In many cases, yes. If you apply through the inland stream, your spouse or partner can usually apply for a Spousal Open Work Permit, which lets them work for almost any employer while the permanent residence application is processed — typically available within a few months of acknowledgement. This is one of the biggest practical advantages of the inland route, and it is something we factor into our stream recommendation from day one.
It depends on who you are sponsoring. For a spouse, common-law partner, or dependent child, there is generally no fixed income requirement — you simply have to show you can meet basic needs and that the person will not need social assistance.

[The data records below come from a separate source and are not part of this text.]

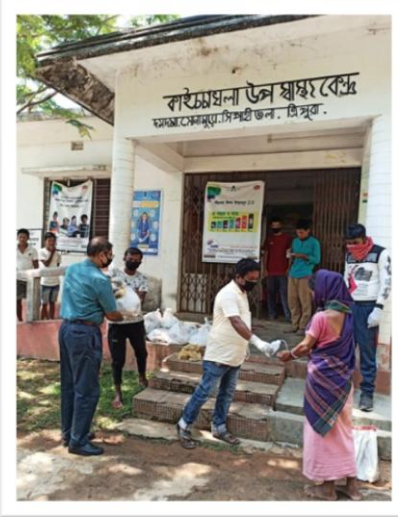
TGBPP, Tripura : Relief materials distributed among poor people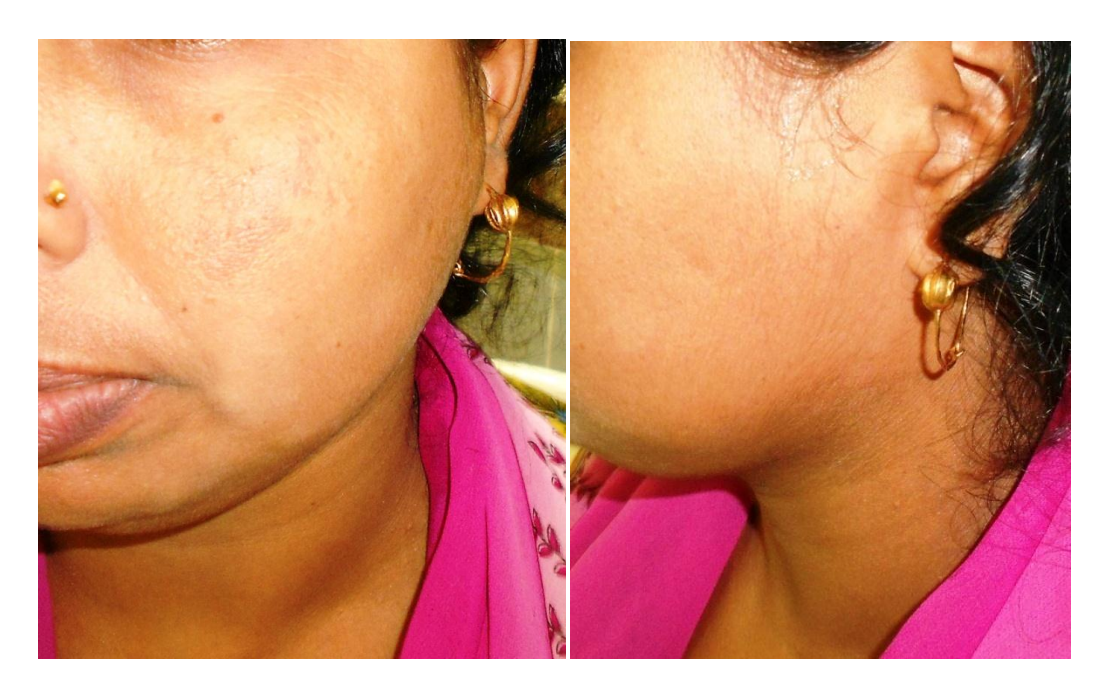
(L) parotid gland swelling at the time of presentation.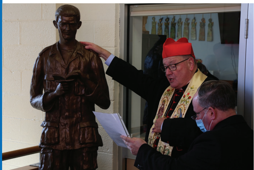
On January 21, 2021, Cardinal Timothy Dolan visited the newly merged Father Vincent Capodanno Catholic Academy to cut the ribbon and bless both the school and Father Capodanno statue.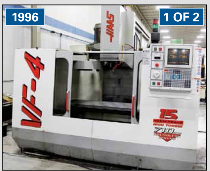
HAAS VF-4 CNC Vertical Machining Centers

1988 TOSHIBA BMC80 CNC Twin Pallet Horizontal Machining Center, S/N 413422, Travels: X-Axis 63"x Y-Axis 40" x Z-Axis 47", 32" x 32" Pallet Size, (60) Position ATC, 4,500 RPM Spindle Speed, CAT 50, 30 HP, Chip Conveyor, Tosnuc CNC Control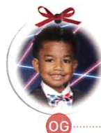
OG OH Ornaments (Glass) $19 3" glass ornament & ribbon w/ year, choice of two styles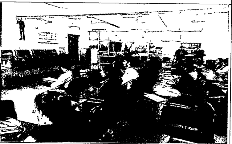
Poem Singing Competition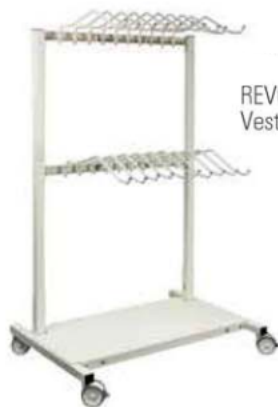
REVOLUTION Vest & Skirt Rack

For parents and grandparents, you must meet the Minimum Necessary Income, which is the Low Income Cut-Off (LICO) plus 30%, assessed over the three tax years before you apply, and based on your household size. We help you calculate exactly where you stand before you commit to an application.
Beyond the sponsor and applicant forms, the sponsored person typically needs a medical exam by an IRCC-approved panel physician, biometrics (fingerprints and photo), and police certificates from every country they have lived in for six months or more since the age of 18. For spousal cases, you will also need strong proof that your relationship is genuine — things like joint accounts, photos over time, communication records, and statements. Missing or weak relationship evidence is one of the most common reasons applications are delayed or refused, which is exactly where having a consultant review your file pays off.
A refusal is not always the end of the road. For spousal and family-class refusals, sponsors generally have the right to appeal to the Immigration Appeal Division (IAD), though appeals can take a year or more. In some cases, reapplying with a stronger, better-documented file is the smarter move than appealing. The worst thing you can do is simply resubmit the same application without fixing what went wrong. As licensed RCIC consultants, we review the refusal reasons, tell you honestly whether an appeal or a fresh application is the better path, and handle it for you.